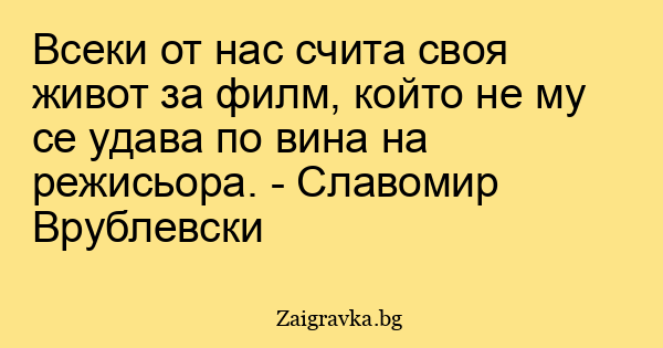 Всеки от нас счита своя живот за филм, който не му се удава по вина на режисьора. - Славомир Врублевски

==

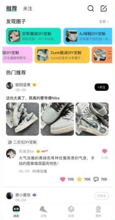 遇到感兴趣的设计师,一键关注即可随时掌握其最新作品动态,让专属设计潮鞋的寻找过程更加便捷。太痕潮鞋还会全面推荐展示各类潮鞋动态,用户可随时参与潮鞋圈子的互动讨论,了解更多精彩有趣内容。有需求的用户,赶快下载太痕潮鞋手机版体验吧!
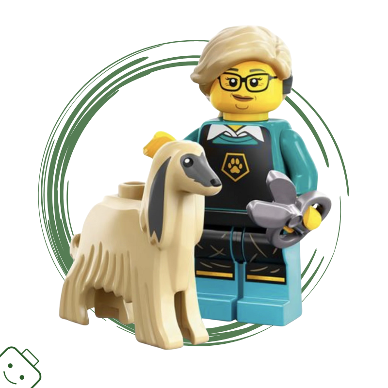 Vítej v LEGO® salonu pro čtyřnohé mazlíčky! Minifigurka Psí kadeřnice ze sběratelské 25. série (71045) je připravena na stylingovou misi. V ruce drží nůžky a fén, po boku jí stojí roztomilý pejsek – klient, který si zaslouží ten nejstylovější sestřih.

What to do
Set down word for word the lines above from the one with "遇到感兴趣的设计师,一键关注" up to and including the one with "Vítej v LEGO®". Omit every picture.

Task answer
 遇到感兴趣的设计师,一键关注即可随时掌握其最新作品动态,让专属设计潮鞋的寻找过程更加便捷。太痕潮鞋还会全面推荐展示各类潮鞋动态,用户可随时参与潮鞋圈子的互动讨论,了解更多精彩有趣内容。有需求的用户,赶快下载太痕潮鞋手机版体验吧!
 Vítej v LEGO® salonu pro čtyřnohé mazlíčky! Minifigurka Psí kadeřnice ze sběratelské 25. série (71045) je připravena na stylingovou misi. V ruce drží nůžky a fén, po boku jí stojí roztomilý pejsek – klient, který si zaslouží ten nejstylovější sestřih.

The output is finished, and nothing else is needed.